### DATA LISTING

::::

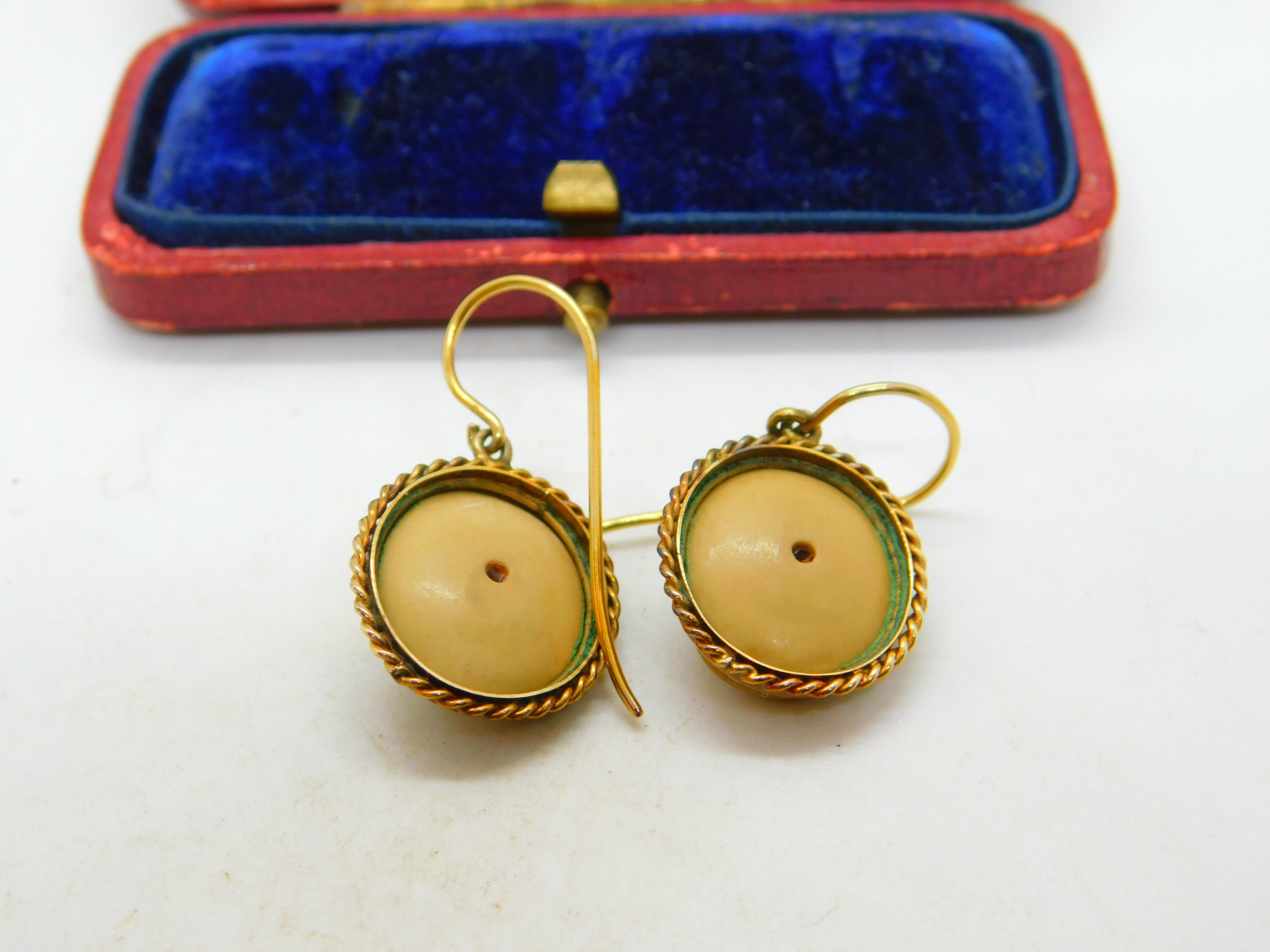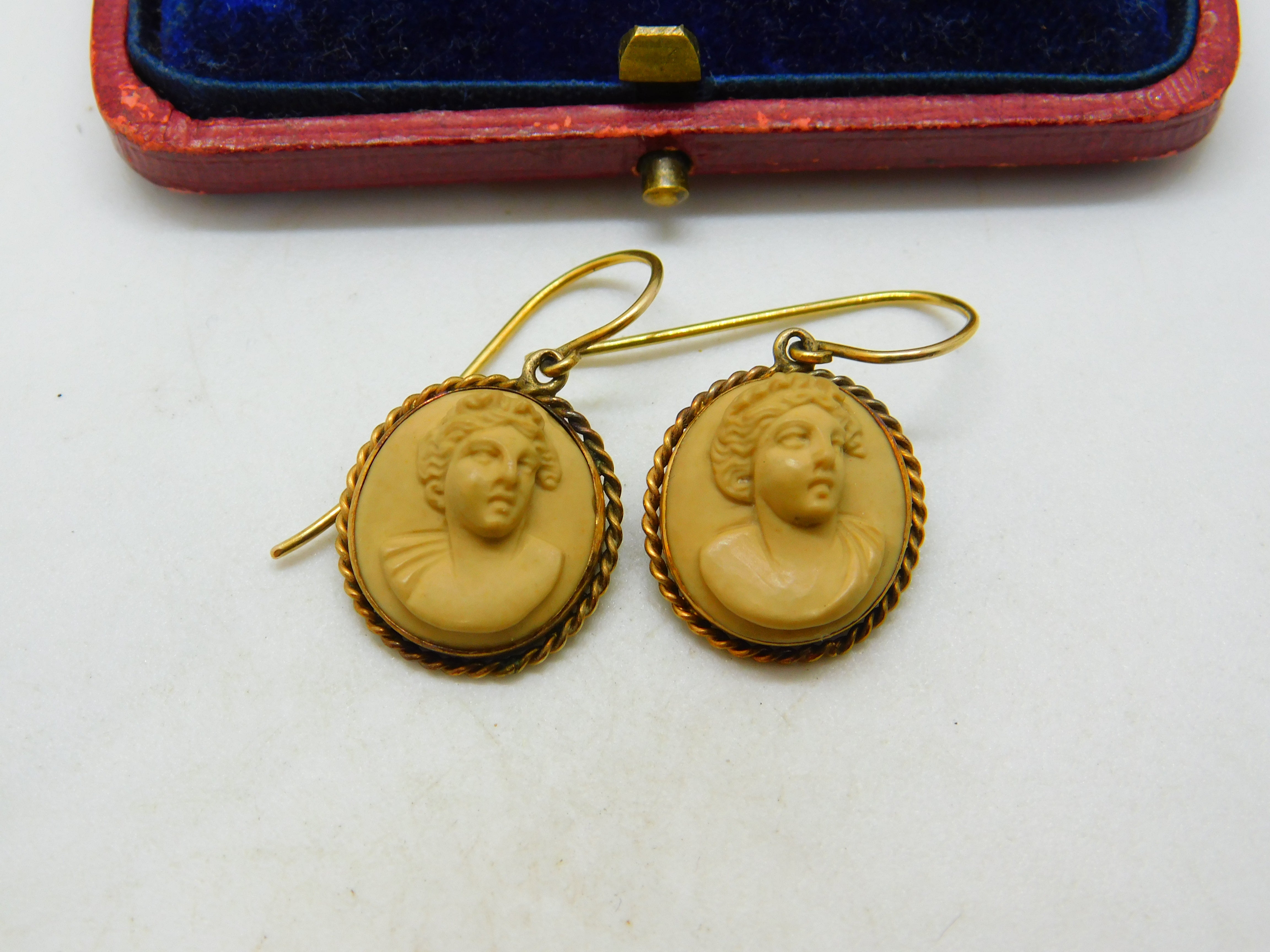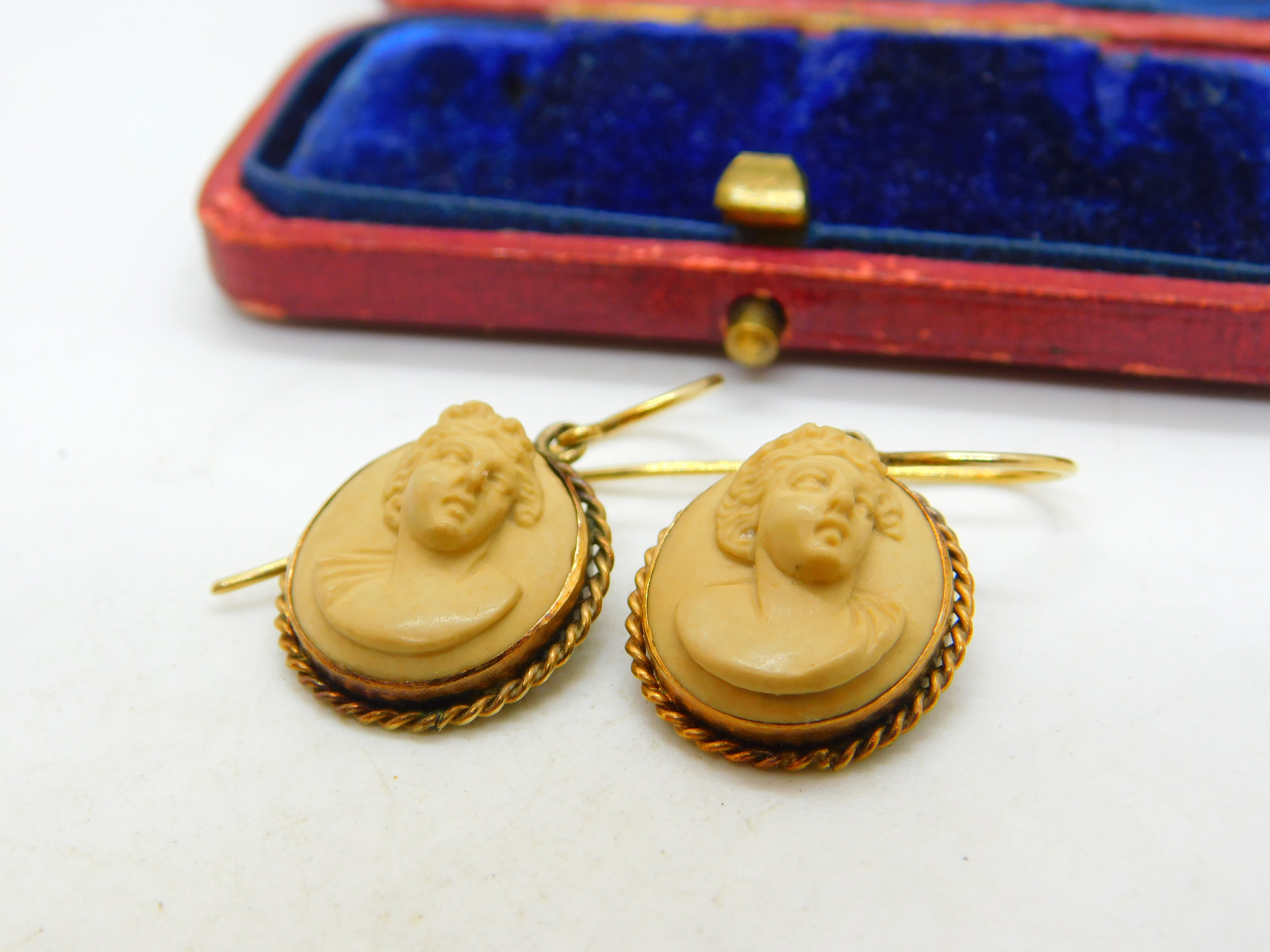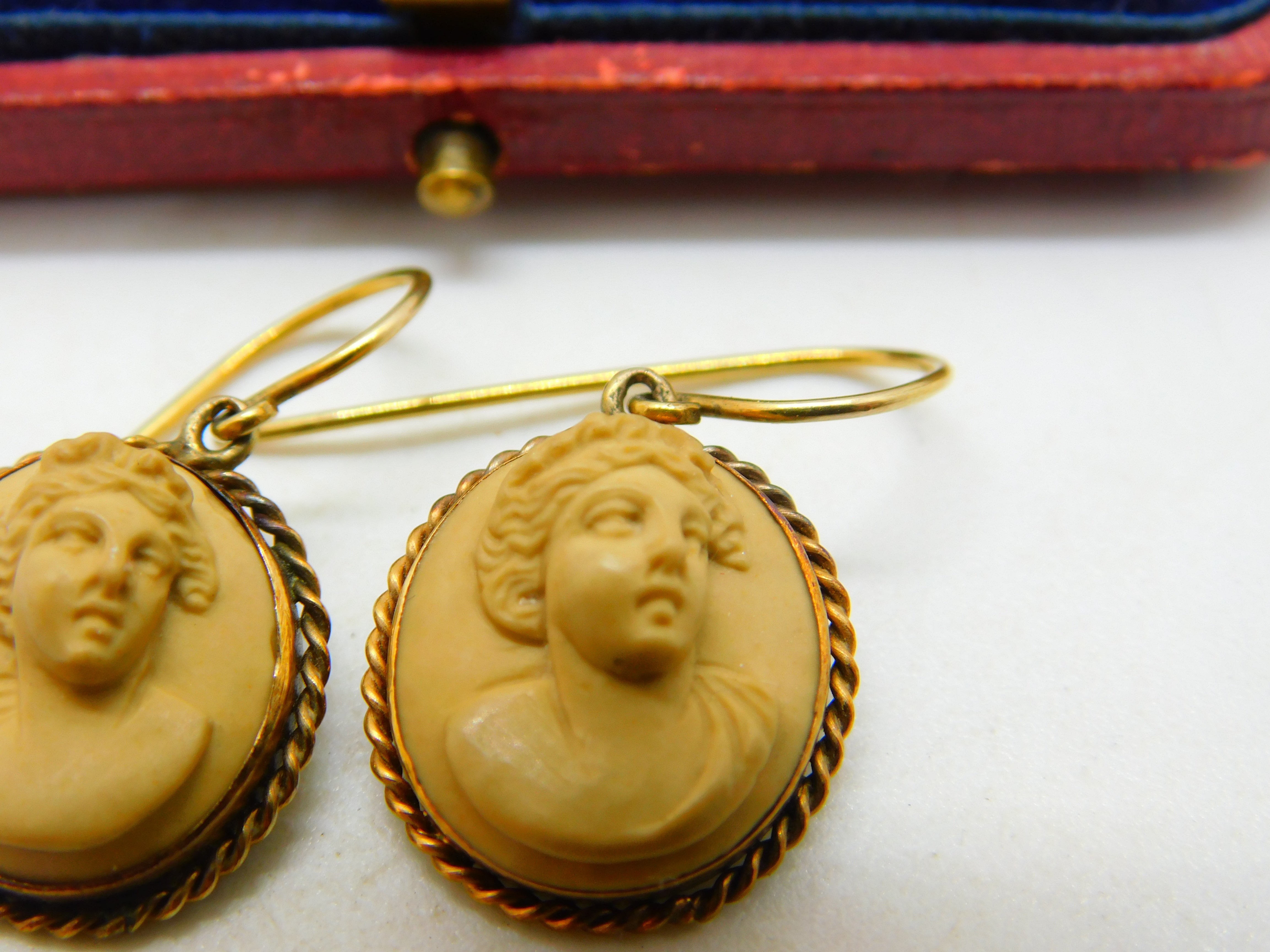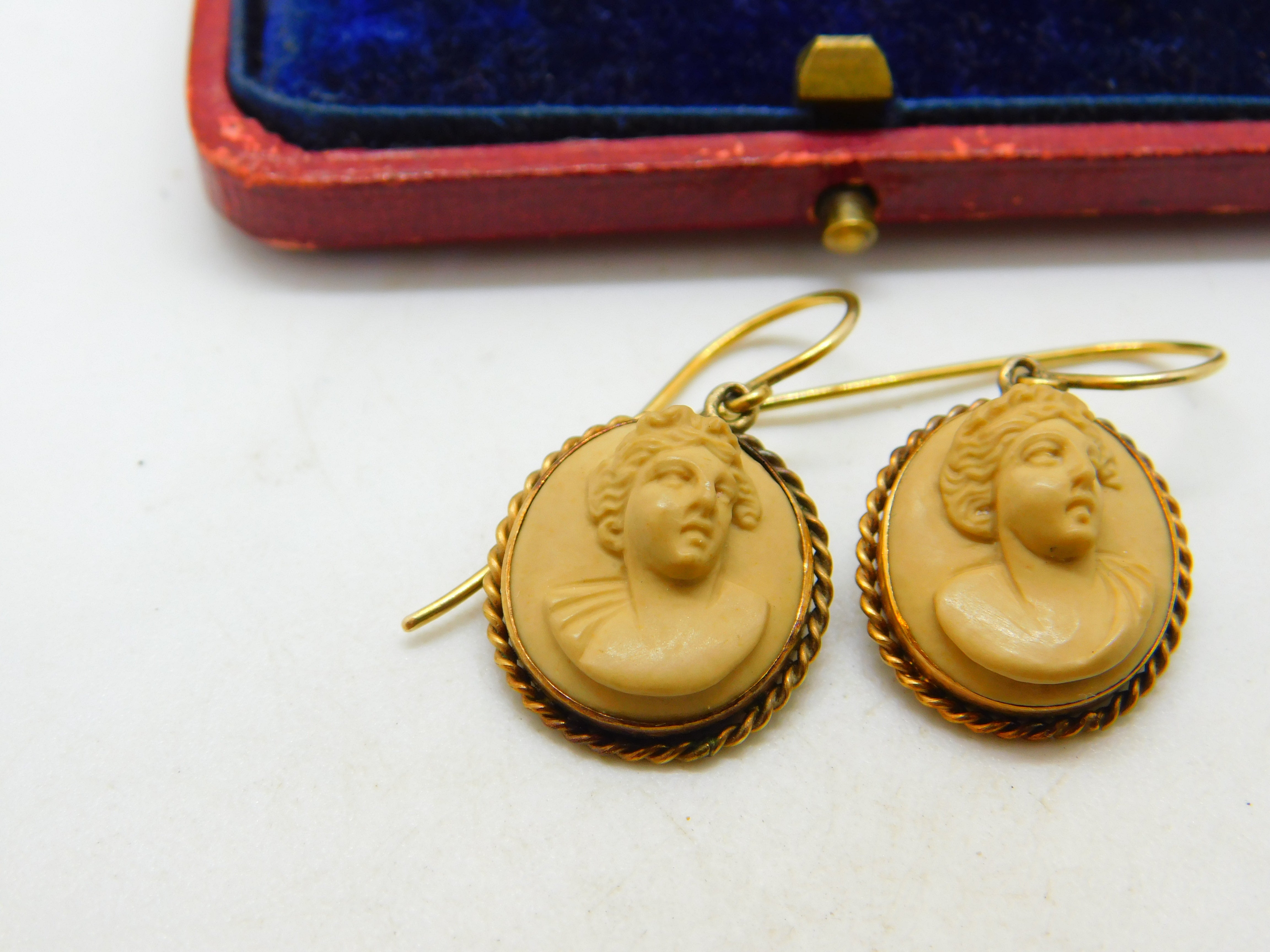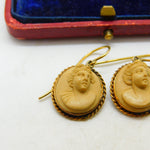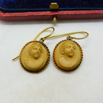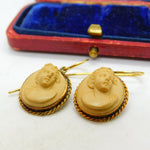 Regency Grand Tour 9ct Gold Carved Lava Female Cameo Earrings Antique c1830
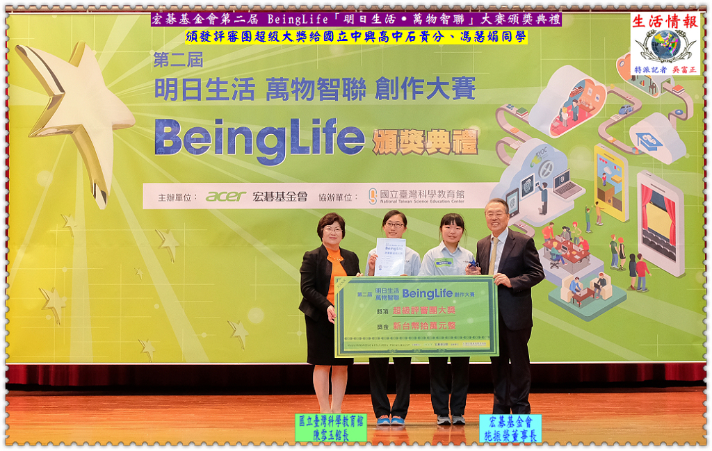 宏碁基金會和國立臺灣科學教育館共同舉辦第二屆 BeingLife「明日生活,萬物智聯」創作大賽,2/28於國立臺灣科學教育館舉行頒獎典禮,宏碁集團創辦人暨基金會施振榮董事長、國立臺灣科學教育館陳雪玉館長親臨現場授獎;為了鼓勵學生集思實作、動手研發產品,今年除延續第一屆「計劃書類」、「影片類」作品外,更增列創作實作組,讓學子們進一步思考使用者的實質需求和體驗。
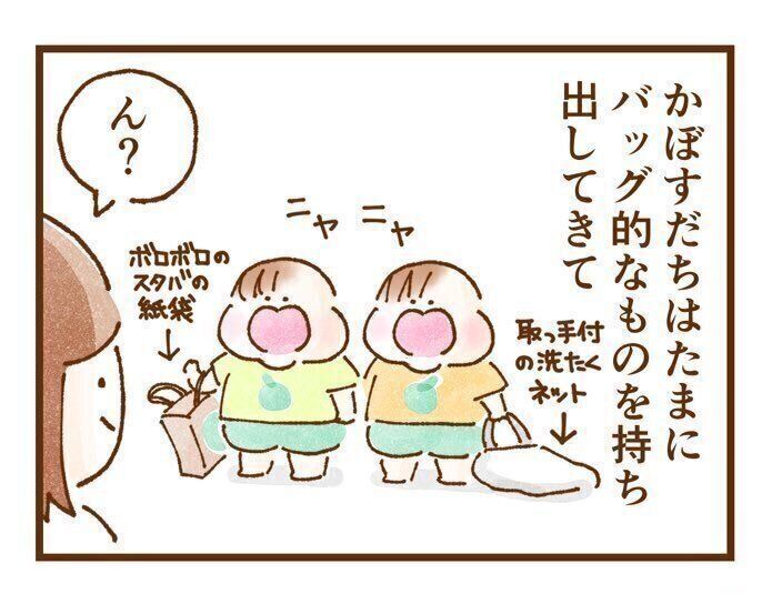 「漫画で描いた時期は、バッグ的なものを持ってリビング内をウロウロしているだけでしたが、3歳になった現在では、2人でそれぞれ店員さん、お客さんになってお店屋さんごっこをしてよく遊んでいます!」
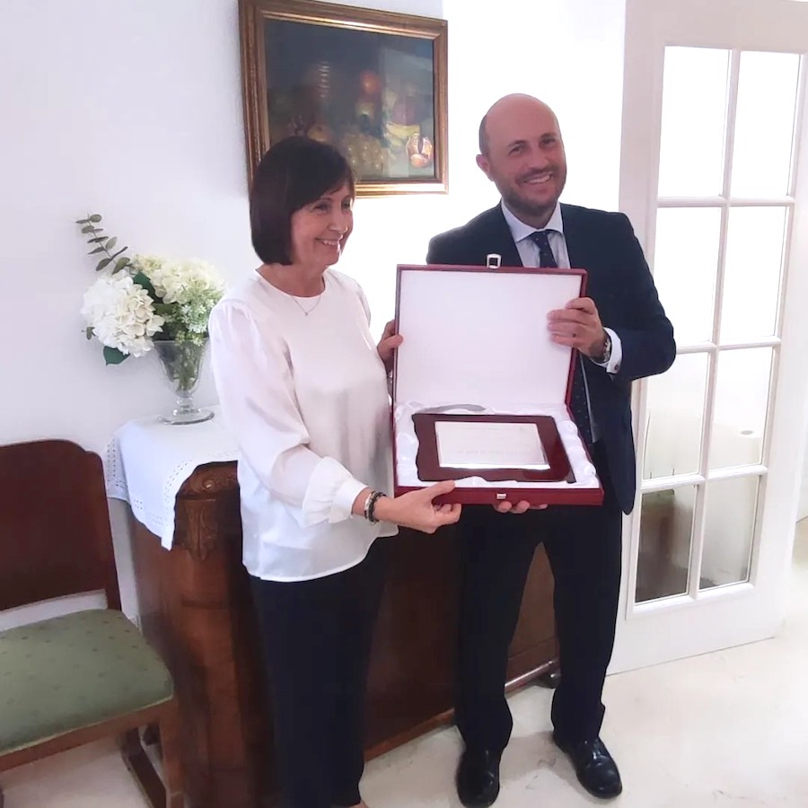 María del Carmen López Fraga es la nueva camarera de la agrupación de Santiago Apóstol, nombramiento oficial que le comunicó en su domicilio el presidente del colectivo santiaguista, Manuel Salmerón Fuentes, quien le entregó una placa conmemorativa junto a un ramo de flores.
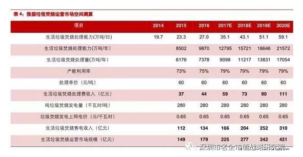 生活垃圾焚燒比例不斷提升;截至 2015 年,焚燒發(fā)電占我國(guó)生活垃圾處理總產(chǎn)能的比重為 31%,離“十三五規(guī)劃”的 2020 年達(dá)到 54%還有一定差距?!笆逡?guī)劃”中提到至 2020 年我國(guó)垃圾焚燒處理能力達(dá)到 59.10 萬(wàn)噸/日,我們假設(shè)處理能力每年增量相同,則 2017-2020 年每年需要增加 8.02 萬(wàn)噸/日的垃圾焚燒處理能力,2018-2020 年均復(fù)合增速將達(dá)到 17.1%。根據(jù)我們的預(yù)測(cè),至 2020 年我國(guó)生活垃圾焚燒運(yùn)營(yíng)市場(chǎng)將達(dá)到 400 億元/年。
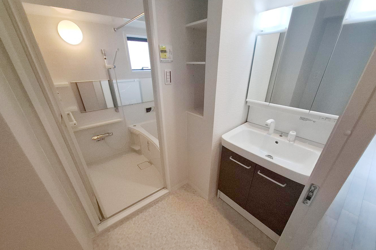 洗面台には大きな三面鏡があり身支度が快適に。床や天井クロスは貼り替え済みでピカピカ♪
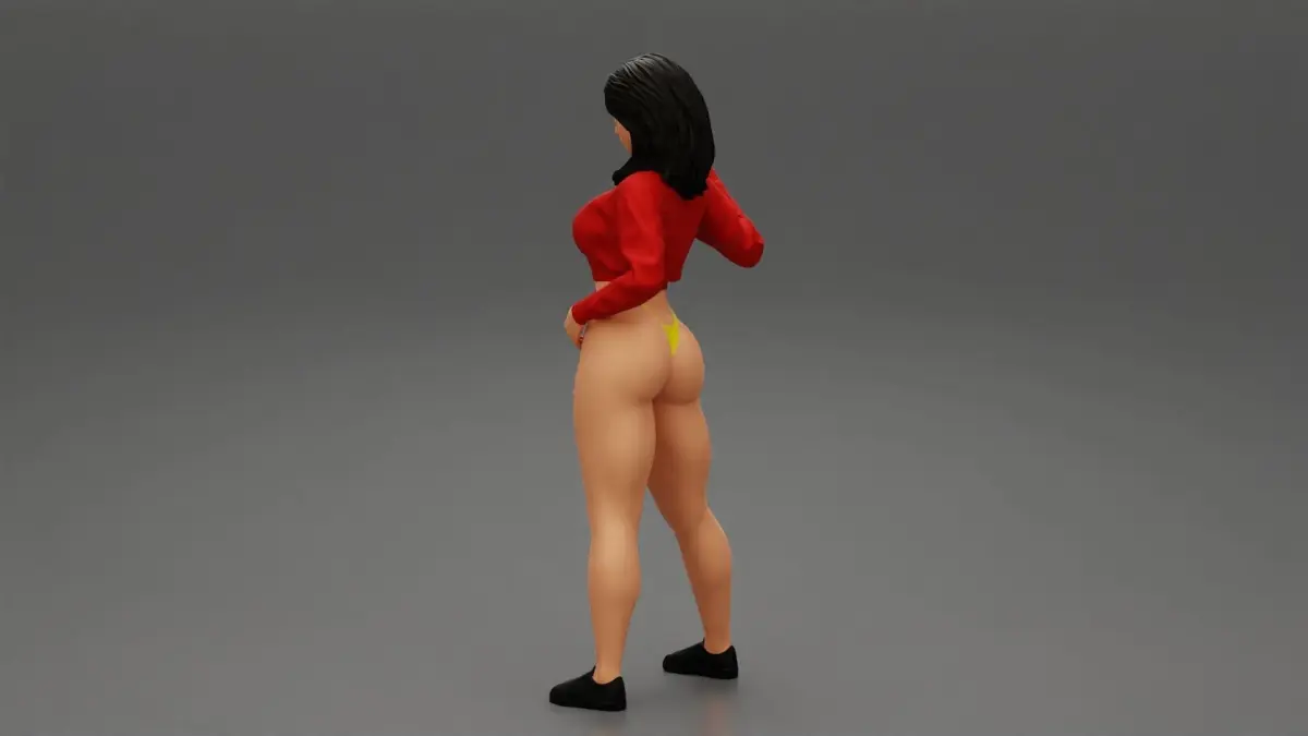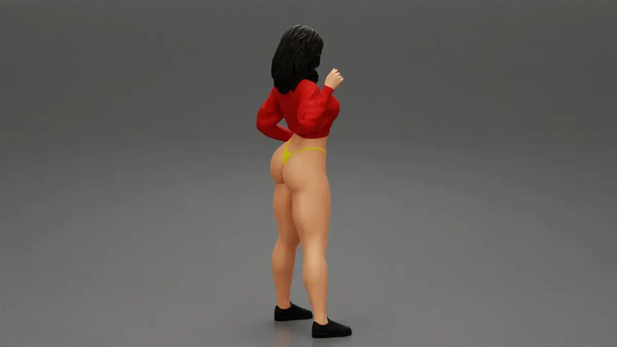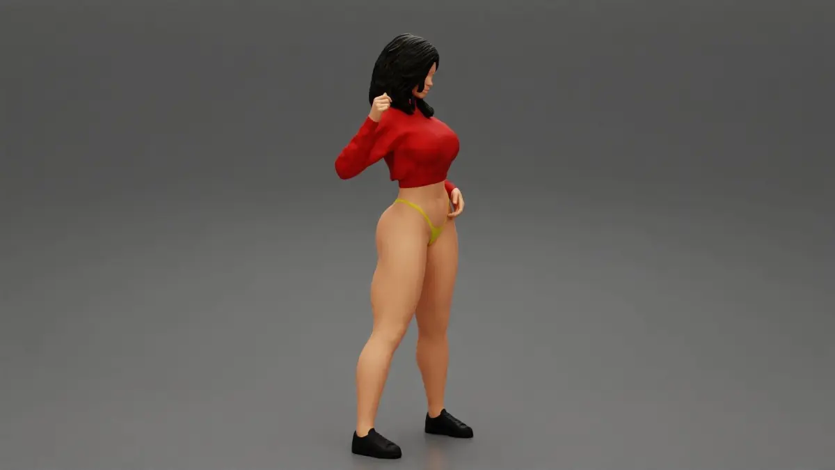 young woman wearing long sleeve crop shirt and mini short 3D print model

::::

### TASK GOAL
When the line containing "生活垃圾焚燒比例不斷提升;截至 2015 年,焚燒發(fā)電占我國(guó)生活垃圾處理總產(chǎn)能的比重為" is reached, write out that line and each one after it exactly, ending with the last line of the records; pictures are not copied.

### ANSWER TO THIS EXERCISE
 生活垃圾焚燒比例不斷提升;截至 2015 年,焚燒發(fā)電占我國(guó)生活垃圾處理總產(chǎn)能的比重為 31%,離“十三五規(guī)劃”的 2020 年達(dá)到 54%還有一定差距?!笆逡?guī)劃”中提到至 2020 年我國(guó)垃圾焚燒處理能力達(dá)到 59.10 萬(wàn)噸/日,我們假設(shè)處理能力每年增量相同,則 2017-2020 年每年需要增加 8.02 萬(wàn)噸/日的垃圾焚燒處理能力,2018-2020 年均復(fù)合增速將達(dá)到 17.1%。根據(jù)我們的預(yù)測(cè),至 2020 年我國(guó)生活垃圾焚燒運(yùn)營(yíng)市場(chǎng)將達(dá)到 400 億元/年。
 洗面台には大きな三面鏡があり身支度が快適に。床や天井クロスは貼り替え済みでピカピカ♪
 young woman wearing long sleeve crop shirt and mini short 3D print model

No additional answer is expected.